Adventures Afloat: South Bristol and Christmas Cove

Rutherford Island, located eastward across the Damariscotta River from Boothbay, is better known by the names of its two harbors, South Bristol and Christmas Cove. Both are important and complex enough that NOAA has charted them to 1:10,000 scale instead of the normal coastal 1:40,000.

The central feature of Christmas Cove is the Coveside Marina and Restaurant which rents a dozen moorings that are so close to its deck and dining room that you can enjoy lunch or dinner with your own favorite boat in view. You’ll also see an old-school, summer-colony, small-boat culture in action, which emanates largely from the 112-year-old Christmas Cove Improvement Association. There’s not only a racing/day-sailing fleet of CC 21s (based on the classic Hodgdon 21) but also a remarkable number of well-kept lapstrake Lymans. The mooring was the most expensive I rented all season, though, and I still had to beg a waitress for a WiFi password.

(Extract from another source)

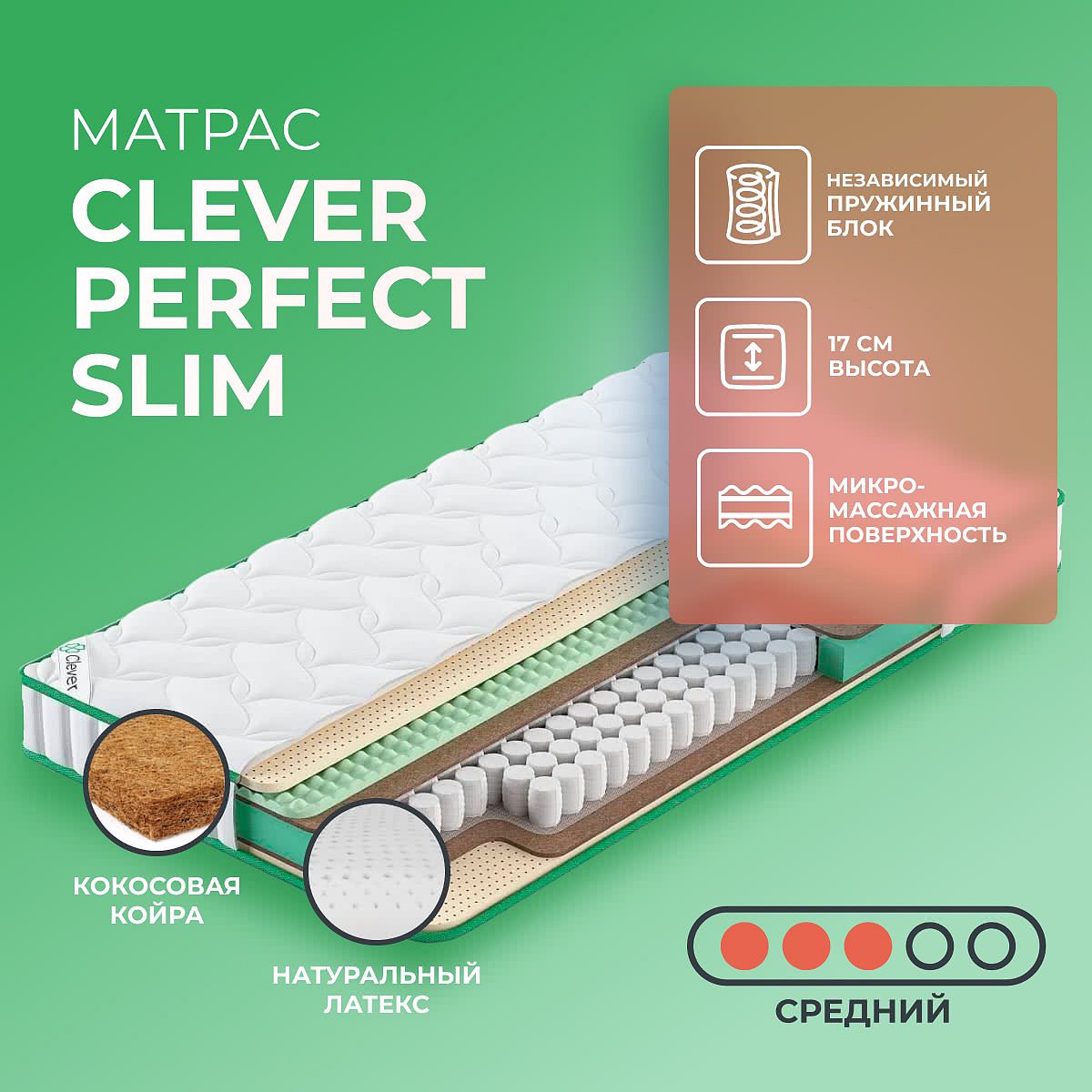 Матрас «Clever Perfect Slim» — средней жесткости, которая комфортна большинству людей среднего телосложения. Это — оптимальный вариант и детям, и взрослым, и пожилым людям.

But things change, something that’s quite evident at the Gamage Shipyard, whose history of noteworthy boatbuilding was followed by a stretch of hard times. Its huge, scary old boat shed was leveled this winter, which made the fine marina facilities Gamage has developed in recent years (with reasonable mooring and fuel prices) all the more obvious.

South Bristol is also friendly in terms of replenishment. A short walk starting with the popular Harborside Grocery & Grill and ending at the gourmet-level Island Grocery will reveal other eating opportunities that range from right-off-the-boat seafood at Osier’s Wharf Store (207-644-8500) to “The best Philly cheese steak in Maine” at Miss Ashley’s (207-644-8101).

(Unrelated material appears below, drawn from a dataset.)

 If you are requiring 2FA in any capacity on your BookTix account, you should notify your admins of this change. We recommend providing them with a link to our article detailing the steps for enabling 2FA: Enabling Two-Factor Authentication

The walk will also take you over the state’s busiest swing bridge (no laughing, please). If you dare take your boat through — mind you, this area is also called “The Gut,” and draft and mast height should be considered — you’ll find a protected pool that’s packed with fishing and pleasure craft. Moorings here are available from Bittersweet Landing Boatyard, which also offers a paved launching ramp. Of course, you can also approach the east side of South Bristol via Johns Bay, and when I do I look forward to visiting Witch Island, an eighteen-acre Maine Audubon preserve with two beaches.

It’s also quite pleasant to walk from one harbor to the other. The western route especially has notable river- and fixed-up-summer-home views.

— By Ben Ellison

This article first appeared in the July 2012 issue of Maine Boats, Homes & Harbors magazine.